=== Records to process ===

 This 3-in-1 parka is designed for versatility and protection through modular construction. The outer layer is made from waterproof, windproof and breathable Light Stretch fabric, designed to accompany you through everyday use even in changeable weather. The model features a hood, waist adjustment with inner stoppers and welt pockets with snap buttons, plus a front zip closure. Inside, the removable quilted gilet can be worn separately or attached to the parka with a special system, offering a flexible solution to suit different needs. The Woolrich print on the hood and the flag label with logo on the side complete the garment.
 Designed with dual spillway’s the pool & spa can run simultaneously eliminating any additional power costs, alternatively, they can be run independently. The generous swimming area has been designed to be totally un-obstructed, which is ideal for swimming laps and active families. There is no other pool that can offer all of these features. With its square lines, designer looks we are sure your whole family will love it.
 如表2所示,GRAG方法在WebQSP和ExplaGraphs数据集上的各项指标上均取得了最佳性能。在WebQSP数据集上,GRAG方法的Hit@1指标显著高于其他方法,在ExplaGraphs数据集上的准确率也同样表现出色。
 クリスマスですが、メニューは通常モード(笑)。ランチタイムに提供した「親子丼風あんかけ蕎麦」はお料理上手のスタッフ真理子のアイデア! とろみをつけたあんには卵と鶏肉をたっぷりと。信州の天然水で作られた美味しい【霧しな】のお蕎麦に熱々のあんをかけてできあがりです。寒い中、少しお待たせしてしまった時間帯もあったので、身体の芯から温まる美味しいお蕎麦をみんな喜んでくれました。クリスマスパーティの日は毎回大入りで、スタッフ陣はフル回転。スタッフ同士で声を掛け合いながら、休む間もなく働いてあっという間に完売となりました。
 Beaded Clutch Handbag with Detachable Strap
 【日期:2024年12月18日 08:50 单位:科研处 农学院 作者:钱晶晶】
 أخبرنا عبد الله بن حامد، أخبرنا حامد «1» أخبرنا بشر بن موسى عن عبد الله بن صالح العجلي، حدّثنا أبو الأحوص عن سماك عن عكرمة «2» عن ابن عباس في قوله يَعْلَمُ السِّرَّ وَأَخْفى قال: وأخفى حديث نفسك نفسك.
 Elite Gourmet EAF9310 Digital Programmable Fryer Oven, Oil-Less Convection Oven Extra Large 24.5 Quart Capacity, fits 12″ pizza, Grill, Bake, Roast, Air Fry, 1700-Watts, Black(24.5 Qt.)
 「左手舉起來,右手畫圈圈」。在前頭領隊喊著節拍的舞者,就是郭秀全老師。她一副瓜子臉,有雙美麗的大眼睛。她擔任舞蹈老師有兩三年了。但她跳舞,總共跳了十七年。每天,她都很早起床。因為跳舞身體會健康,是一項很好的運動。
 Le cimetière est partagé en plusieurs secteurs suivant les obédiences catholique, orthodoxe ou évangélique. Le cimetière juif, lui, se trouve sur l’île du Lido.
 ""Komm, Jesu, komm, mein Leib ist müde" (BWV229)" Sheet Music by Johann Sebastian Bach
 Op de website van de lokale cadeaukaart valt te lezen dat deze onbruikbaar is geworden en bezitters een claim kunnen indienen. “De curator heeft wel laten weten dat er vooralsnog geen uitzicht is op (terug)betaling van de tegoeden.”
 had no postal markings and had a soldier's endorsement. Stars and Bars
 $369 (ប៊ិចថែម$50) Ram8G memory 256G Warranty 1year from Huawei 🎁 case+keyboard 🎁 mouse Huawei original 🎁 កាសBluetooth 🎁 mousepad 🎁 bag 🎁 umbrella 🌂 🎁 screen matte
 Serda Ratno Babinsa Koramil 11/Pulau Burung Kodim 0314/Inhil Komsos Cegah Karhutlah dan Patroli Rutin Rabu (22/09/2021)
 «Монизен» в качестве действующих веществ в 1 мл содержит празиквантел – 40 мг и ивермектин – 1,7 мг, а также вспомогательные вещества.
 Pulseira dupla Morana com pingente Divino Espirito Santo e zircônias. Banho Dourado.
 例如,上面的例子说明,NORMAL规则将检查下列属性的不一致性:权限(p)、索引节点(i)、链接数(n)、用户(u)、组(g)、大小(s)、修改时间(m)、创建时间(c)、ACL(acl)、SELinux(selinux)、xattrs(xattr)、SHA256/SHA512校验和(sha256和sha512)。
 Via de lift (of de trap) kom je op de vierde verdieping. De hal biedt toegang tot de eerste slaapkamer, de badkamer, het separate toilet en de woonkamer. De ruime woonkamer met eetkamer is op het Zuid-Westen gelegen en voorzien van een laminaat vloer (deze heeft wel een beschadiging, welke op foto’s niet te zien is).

===

Work order
How many of the listing's lines include "deze"? State only that number.

Output for this task
2